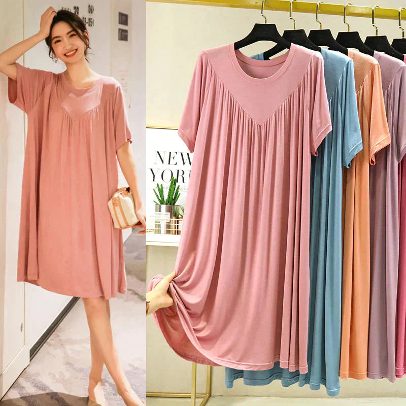 Superblødt behageligt kortærmet løst pyjamaskjole
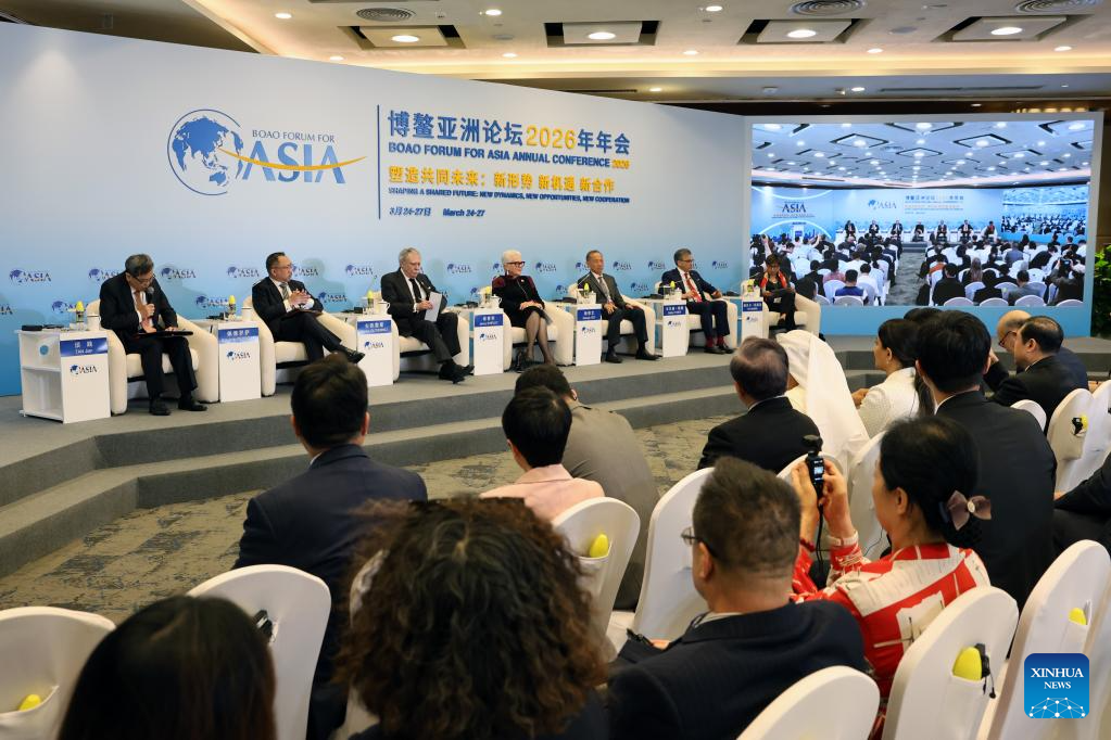 This photo taken on March 25, 2026 shows a scene at a panel discussion themed on "Revitalizing APEC: towards the Vision of an Asia-Pacific Community" during the Boao Forum for Asia (BFA) Annual Conference 2026 in Boao, south China's Hainan Province. (Xinhua/Wang Yiliang)
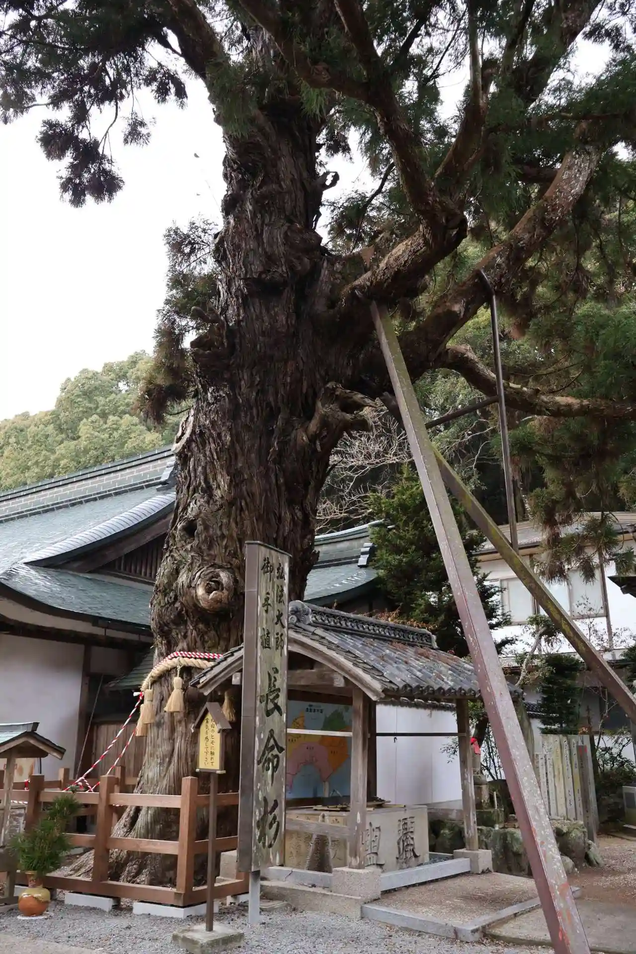 樹齢1,200年以上とされ、太い幹には紅白の紐が繋がれ、この紐に触れると健康長寿のご利益があるそうです
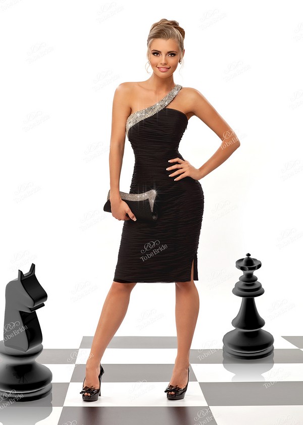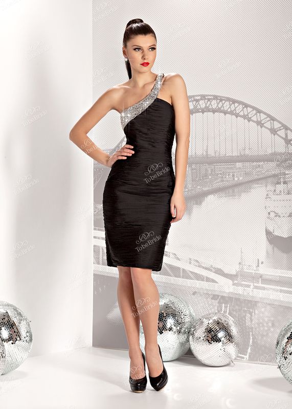 Чёрное вечернее платье украшено широкой бретелью, которая словно опоясывает платье сверху. Бретель украшена многочисленными вышивками из пайеток и камней, которые красиво переливаются.

**EXERCISE DESCRIPTION:** Write the data out again word for word; leave the pictures behind.

**RESPONSE AREA:**
 Superblødt behageligt kortærmet løst pyjamaskjole
 This photo taken on March 25, 2026 shows a scene at a panel discussion themed on "Revitalizing APEC: towards the Vision of an Asia-Pacific Community" during the Boao Forum for Asia (BFA) Annual Conference 2026 in Boao, south China's Hainan Province. (Xinhua/Wang Yiliang)
 樹齢1,200年以上とされ、太い幹には紅白の紐が繋がれ、この紐に触れると健康長寿のご利益があるそうです
 Чёрное вечернее платье украшено широкой бретелью, которая словно опоясывает платье сверху. Бретель украшена многочисленными вышивками из пайеток и камней, которые красиво переливаются.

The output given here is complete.